We use as prefix for our output files “Nam_TB” (since we are using the “Namibian TB” data), so all the output file names will be named as such.
We automatically detect the number of threads/CPUs for parallel computation.
We specify the maximum amount of memory and threads/CPUs to use for computation.

After the analysis runs we get several output files in our directory:

ls results/iqtree/

Nam_TB.bionj   Nam_TB.log     Nam_TB.mldist
Nam_TB.ckp.gz  Nam_TB.iqtree  Nam_TB.treefile

The main file of interest is Nam_TB.treefile, which contains our tree in the standard Newick format. We will root and then visualize this tree alongside relevant metadata in Visualising phylogenies.

14.3.3 Rooting a phylogenetic tree

Rooting a phylogenetic tree is essential for making sense of evolutionary relationships and for providing a temporal context to the diversification of species. It transforms an unrooted tree, which simply shows relationships without direction, into a meaningful representation of evolutionary history. The most common way to accurately root a phylogenetic tree is to include an outgroup that is known to be more distantly related to the taxa included as part of the analysis. In our example we mapped our TB sequences to the MTBC0 reference, which is an outgroup to all members of the MTBC, so we’ll use this to root our tree before visualizing it. There are a few different tools that could be used to root a phylogenetic tree but we’ve provided a python script, root_tree.py to do this.

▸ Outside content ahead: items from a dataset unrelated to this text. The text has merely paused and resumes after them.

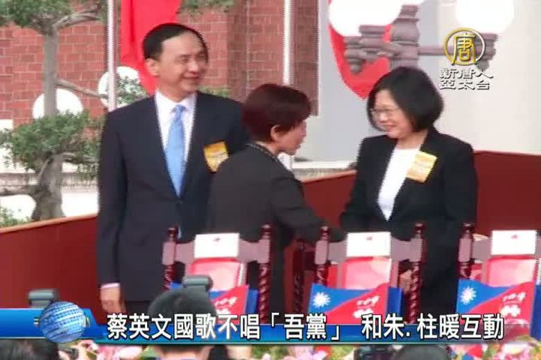 蔡英文國歌不唱「吾黨」 和朱.柱暖互動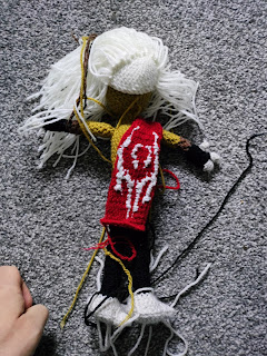 I used the same technique for the feet as I did with the Janos doll, but used a sort of off-white acrylic yarn to give it a sort of ivory colour. This was also to try to make a clear distinction between the claws and the hair.
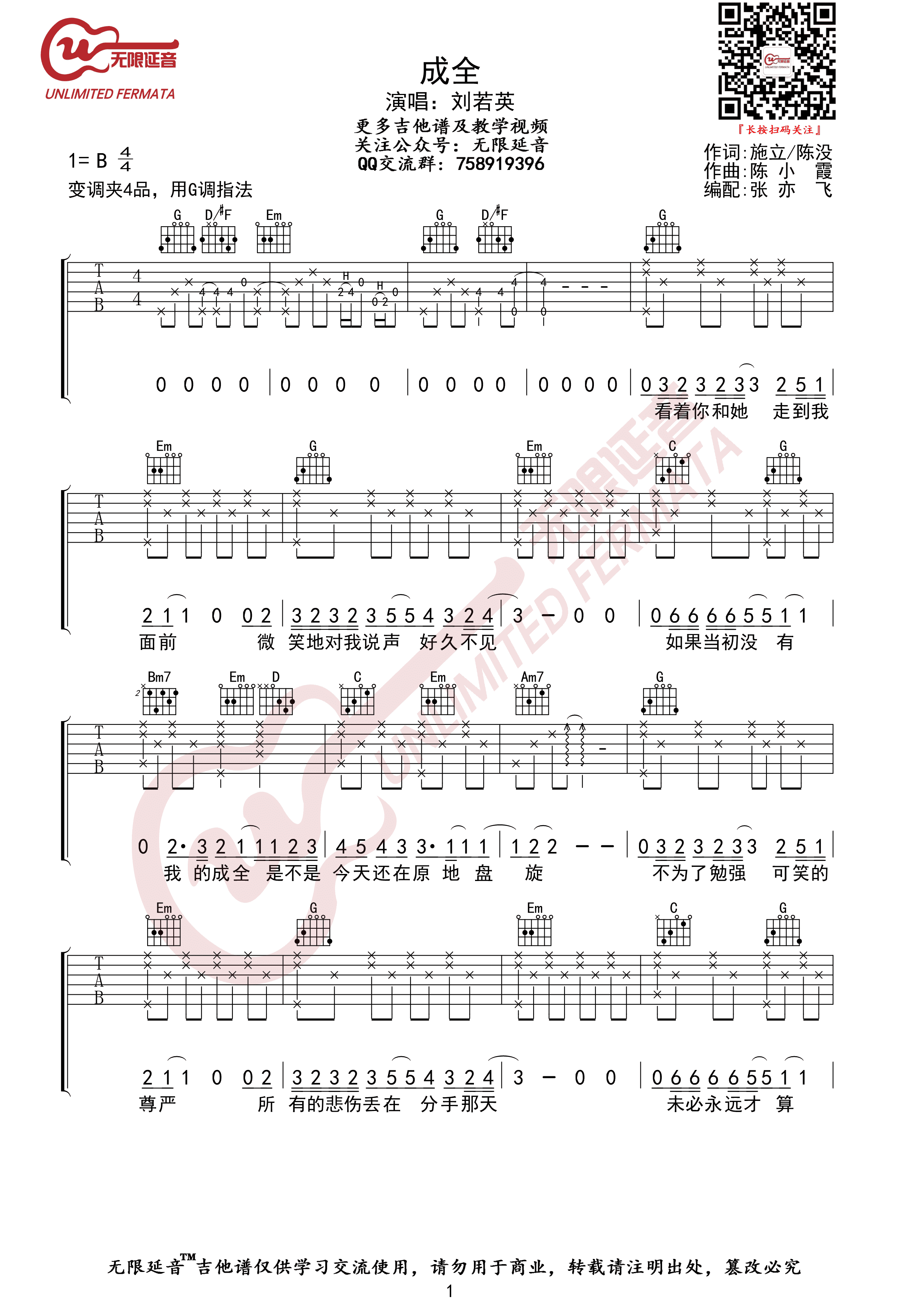 吉他刘若英 - 成全 [无限延音编配 弹唱] 吉他谱-4个版本

You can run the script using the following command (we’re going to root the tree we’ve provided in the preprocessed directory so you don’t need to edit the command):

python scripts/root_tree.py -i preprocessed/iqtree/Nam_TB.treefile -g MTBC0 -o results/iqtree/Nam_TB_rooted.treefile

The options we used are:

-i - the TB phylogenetic tree we inferred with IQ-TREE.
-g - the name of the outgroup to root the tree with (in this case MTBC0).
-o - the rooted phylogenetic tree.

This will create a NEWICK file called Nam_TB_rooted.treefile in your results directory.

14.4 Summary

Key Points

Tree inference methods include neighbor-joining, maximum parsimony and maximum likelihood. The first two are simpler and computationally faster, but do not accurately capture relevant features of sequence evolution.
Maximum likelihood methods are recommended, as they incorporate relevant parameters such as different substitution rates, invariant sites and variable mutation rates across the sequence.
Phylogenetic tree inference requires a multiple sequence alignment as input, regardless of which method of inference is used.
To reduce the computational burden of the analysis when using whole-genome alignments, we can extract variable sites from our alignment using the snp-sites software.
IQ-Tree is a popular software for maximum likelihood tree inference and can take as input the variable sites from the previous step.